In a nutshell, the solution of extended metadata has the following pieces:

  • ExtMetadata is an abstract base class representing extended metadata. Extended metadata objects are defined by their class name and a structured data object as payload.

  • ExtMetadata classes can be registered with LLVMContexts at context creation time (the set of classes is frozen the first time an extended metadata object is created). Registering a class means:

    • Defining a C++ subclass of ExtMetadata that can be serialized and deserialized to structured data

    • Receiving a numeric class ID that is used to hook the C++ subclass into LLVM’s custom RTTI system (isa<>, cast<>, etc.)

    • Being able to hook custom verification into the IR verifier

  • IR may contain extended metadata whose class (name) has not been registered with the LLVMContext. Such metadata is preserved as a black box using the GenericExtMetadata class. This situation can happen when IR is written out from (an intermediate stage of) a compiler built on LLVM that registers its own extended metadata classes, and this IR is then fed into generic tools like opt, llvm-reduce, llvm-dis, etc.

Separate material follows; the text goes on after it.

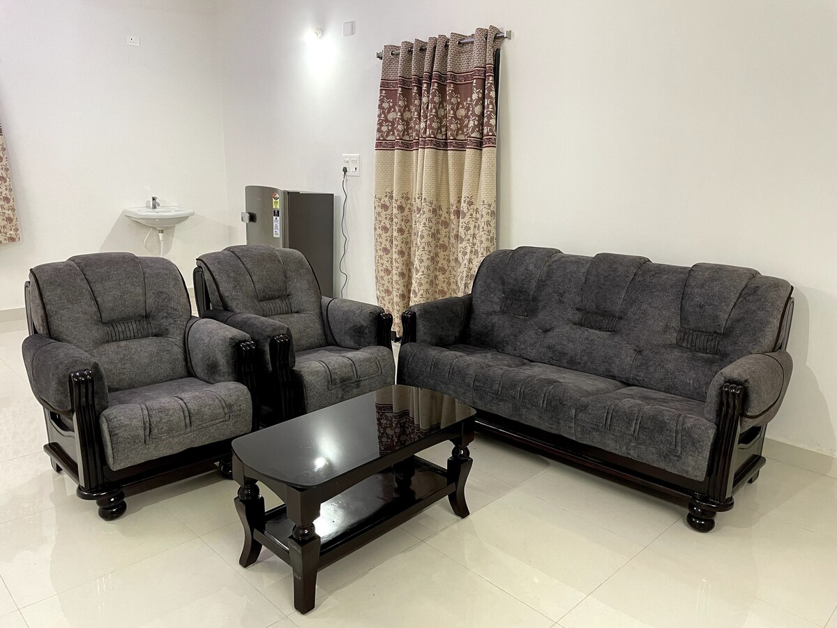 Bring the whole family to this great place with lots of room for fun. A cozy stay at home away from your home. Peaceful and unique place to have gatheings filled with love and laughter. Cook your exceptional recipes and dine with family and friends. Suitable for those who are expecting a homely atmosphere and safety when you are on a tour, official trips, hosting guests for weddings or any other functions. 15km away from Airport. 3km away from Railway station. 3km away from NH@ Bommuru center
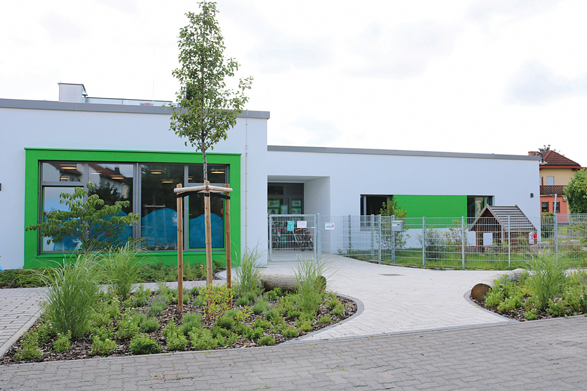 Der für das Außenmauerwerk verwendete »KLB-Plan-Block SW1« ist ein sogenannter Wärmedämmblock, der laut Hersteller über eine herausragende Wärmeleitfähigkeit verfügt. Je nach Rohdichte- und Festigkeitsklasse ermöglicht er den Bau monolithischer Außenwände, die den GEG-Anforderungen an Effizienzhäuser entsprechen. Mit einer Steinstärke von 42,5 cm, 15 mm Innenputz sowie 20 mm konventionellem Silikatputz an der Außenfläche erreichen die Außenwände der Kindertagesstätte einen U-Wert von 0,23 W/(m2K).

Use cases of extended metadata

I believe there would be some benefit to porting existing metadata uses in LLVM to this new infrastructure, e.g. AA metadata, for the reasons listed above (e.g. compile-time improvements). That said, my primary motivation for doing this work is in downstream compilers.

In our graphics shader compiler use case (LLPC), there is a lot of metadata specific to graphics APIs. One such example is rasterizer state, which is a collection of settings (typically bools or small integers) that tweak aspects of rasterizations that are conceptually fixed function (but that impact the shader compilation process in some way).

In the status quo, we are faced with an awkward choice:

  • either we represent this state entirely outside of IR, which breaks common workflows like lit testing because the state is missing from .ll files

  • or we represent it using MDTuples in some way, but the tuples are far from human readable and compile-time access to them is slow.

With extended metadata, we would be able to represent rasterizer state in human-readable form in .ll file along the lines of:

!lgc.rasterizer.state = !{!0}
    
!0 = !lgc.rasterizer.state {
  discardEnable: i1 true,
  perSampleShading: i1 false,
  rasterStream: i2 0,
  ...
}

And at compile time, this structure is represented by an lgc::RasterizerStateMetadata class that is derived from llvm::ExtMetadata and contains all these fields as plain C++ bools or integers, which results in code that is both easier to read and faster.

Use case: Extended instructions

This follows a similar approach as extended metadata at a high level to gain similar benefits in the definition of custom instructions:

  • Better readability than call instructions
  • Extensible by downstream users (unlike intrinsics)
  • More efficient compile-time representation of “immargs” (consider: the volatile bit of load is represented far more efficiently than the volatile bit of the memcpy intrinsic; extended instructions unlock the efficiency everywhere)

And the approach follows the broad strokes of extended metadata:

  • ExtInst abstract base class in the Instruction hierarchy conceptually holds all the information required by extended instructions: instruction name / opcode, operands, result type, attributes (in the call instruction sense, for side-effect modeling), structured data for additional constants

  • ExtInst subclasses / opcodes can be registered with LLVMContexts

  • GenericExtInst class generically represents extended instructions for which a subclass hasn’t been registered

Unlike for extended metadata, the benefits of extended instructions don’t lead entirely on structured data, but structured data is a large part of the value proposition.